SRE - Bangalore
Zensar Technologies Limited is looking for a talented and motivated Site Reliability Engineer (SRE) to join our team in Bangalore. This long-term contract role offers a hybrid work arrangement, with a flexible shift schedule to accommodate future changes. As an SRE, you will play a crucial role in driving the reliability and performance of our collaboration services, ensuring a seamless experience for our users. Your expertise in Kubernetes and AWS will be instrumental in optimizing our cloud and hybrid environments.
- Own the deployment and operation of critical collaboration services, ensuring high availability and scalability across cloud and hybrid environments.
- Design and optimize CI/CD pipelines and automation, incorporating AI-first tooling for efficient deployment, monitoring, and incident response.

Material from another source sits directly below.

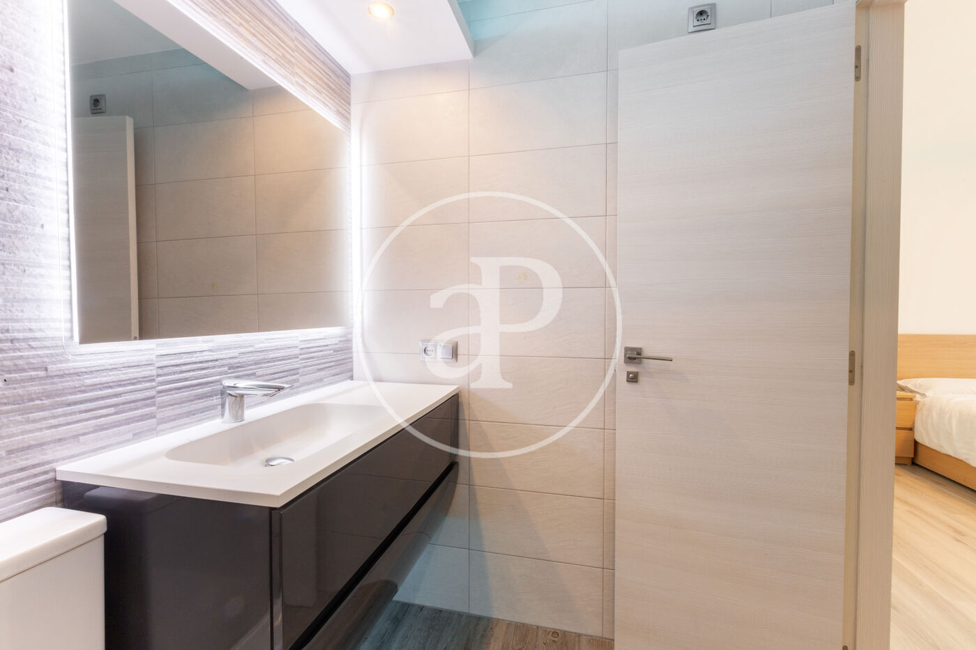 Amb una superfície de 108 m², l’habitatge ha sigut reformat amb gust i materials de qualitat, cuidant tant la funcionalitat com l’estètica. El cor de la llar és un ampli saló-menjador amb cuina americana integrada, un espai obert i lluminós, ideal per a gaudir en família o amb amics. Les tres habitacions, totes àmplies i amb armaris encastats, inclouen una suite amb bany privat. Ambdós banys complets segueixen una línia de disseny contemporani i elegant.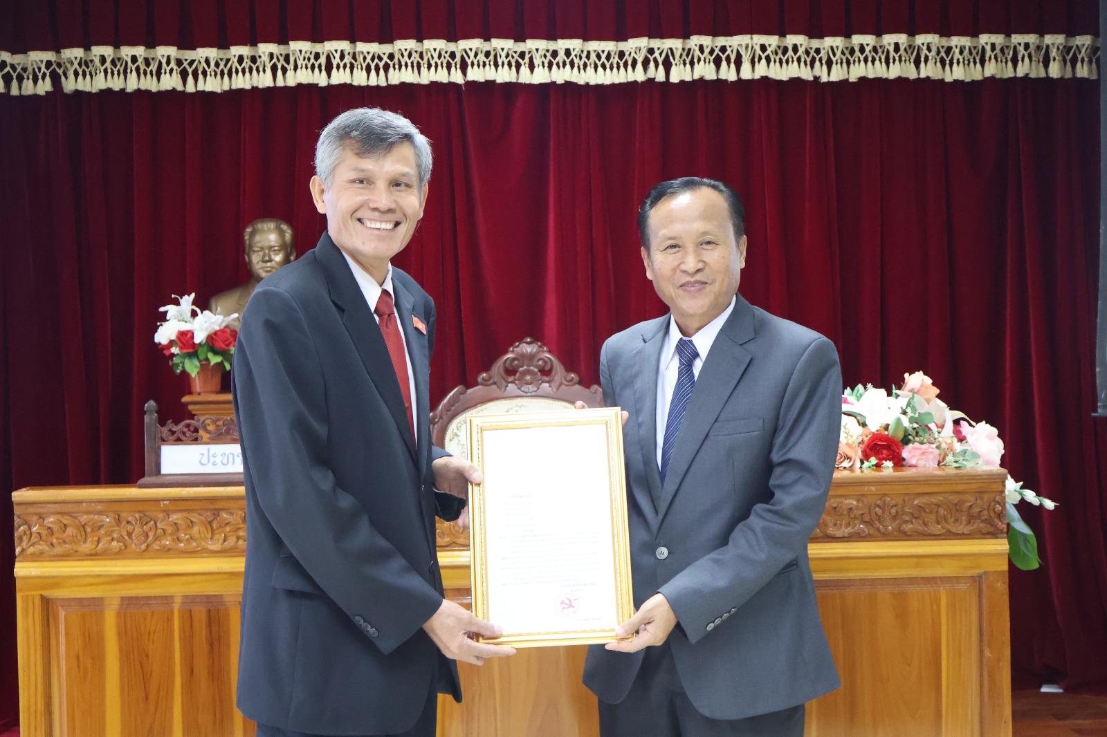 ໃນພິທີ ທ່ານ ປທ ນ. ພອນໄຊ ລາດຊະວົງ ກຳມະການຄະນະພັກ, ຫົວໜ້າກົມຈັດຕັ້ງ-ພະນັກງານ ໄດ້ຕາງໜ້າ ຜ່ານມະຕິຕົກລົງ ສະບັບເລກທີ 587/ຄລສພ ລົງວັນທີ 23 ມິຖຸນາ 2025 ວ່າດ້ວຍການອະນຸມັດໃຫ້ພະນັກງານການນຳຂັ້ນສູງອອກພັກການຮັບອຸດໜູນບຳນານ ຕົກລົງໃຫ້ ທ່ານ ປທ ແສງທອງ ພຸດທະວົງ ອອກພັກການຮັບອຸດໜູນບຳນານ ທີ່ມີອາຍຸກະສຽນ 61 ປີ, ອາຍຸການເຮັດວຽກ 37 ປີ.

- Lead incident response for complex production issues, conducting thorough root cause analysis and implementing systemic improvements.
- Utilize observability data to guide capacity planning, scaling strategies, and resource optimization for optimal service performance.
- Define and promote operational best practices, ensuring high-quality documentation and fostering a culture of reliability and operational excellence.
- Collaborate with cross-functional teams to align on service requirements and ensure seamless integration with existing systems.
- Stay updated with the latest industry trends and technologies, and propose innovative solutions to enhance our SRE practices.
- Mentor and guide junior team members, sharing your expertise and fostering a culture of continuous learning and improvement.
- Participate in on-call rotations and provide timely support during critical incidents, ensuring swift resolution and minimal impact on services.
- Bachelor's degree in Computer Science, Engineering, or a related field, or equivalent professional experience with a minimum of 7 years in Site Reliability Engineering, Cloud Operations, or Systems Engineering.
- Strong hands-on experience operating production services using Docker and Kubernetes in cloud or hybrid environments, demonstrating a track record of successful deployments and operations.
- Proficiency in programming or scripting languages such as Python, Go, or Bash, with the ability to develop automation and operational tooling.
- Experience with monitoring, observability, and incident response in production environments, including participation in on-call duties and post-incident reviews.
- Working knowledge of Linux systems, networking, distributed systems, CI/CD pipelines, infrastructure-as-code principles, and Git-based workflows.
- Familiarity with large-scale, globally distributed SaaS platforms is preferred, as is experience with hybrid cloud environments and multi-region deployments.
- Ability to apply AI-assisted or automation-first approaches to SRE tooling and workflows, enhancing efficiency and reliability.
- Excellent written communication skills for creating clear and concise operational documentation, runbooks, and knowledge-sharing materials.
- Strong problem-solving and analytical skills, with the ability to troubleshoot complex issues and propose innovative solutions.
- A collaborative mindset and a passion for continuous learning and improvement, with a willingness to share knowledge and mentor team members.